We had a lot of gear

I had my gear bag on my back (about 25lb), my driver had a gear bag slung over the front of him like a backwards backpack, then another bag hung off the handlebars of the moped into the space where his feet rested. However, others had it more difficult – one of our videographers had a DJI Ronin MX gimble in a hard case. We were worried about dust getting in the mechanics so we put it in a garbage bag each day. With a backpack on, he would rest the large case in front of him between himself and the driver as we took off through the jungle. In total, there were 7-9 bikes each day, all with extra baggage on board.

Crossing the Ayeyerwady River with our motorbikes and gear.

The jungle is not an easy place to ride a moped

Each morning we would drive to the field office from our hotel about an hour away, load up on the bikes, drive 5-minutes to the river, get off and load the bikes on a small steel hulled barge and cross in two loads, then get back on the bikes for another 45-minute ride.
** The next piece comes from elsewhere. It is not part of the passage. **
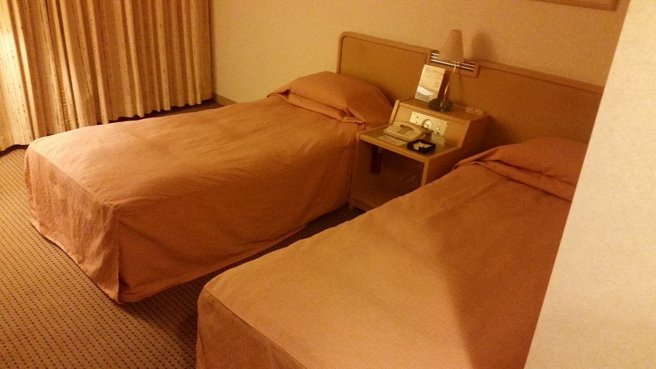 素泊まり4000円と言うプランを見つけて予約しました。当日、部屋に入って見るとナント、ツインルームが用意されていて嬉しかったです。当然部屋は、広くてひとりでは勿体ない感じのする部屋でした。フロント担当者は、ハキハキとしていて好感が持てる対応でした。

The moped’s suspension would bottom out constantly which sent jarring shockwaves through our backs, the trails were dusty as we weaved in and over roots and dry wood. As we drove, we passed through villages with houses that stood on stilts, people were lighting fires to prepare their morning meals and stare at our convoy in confusion. Sometimes we’d get a smile and a wave, sometimes not.

This trip through the jungle was tough, but it was always worth it. We would reach Zin’s village as close to daybreak as possible and start shooting as soon as we could. Zin was always gracious, she smiled at us as we arrived and would then start her day. We followed her as she went about her routine, over time we all slowly got comfortable with each other and fell into a rhythm. Zin’s quiet confidence came through on camera, and as we spent time with her and her family we knew her story was an important one to tell.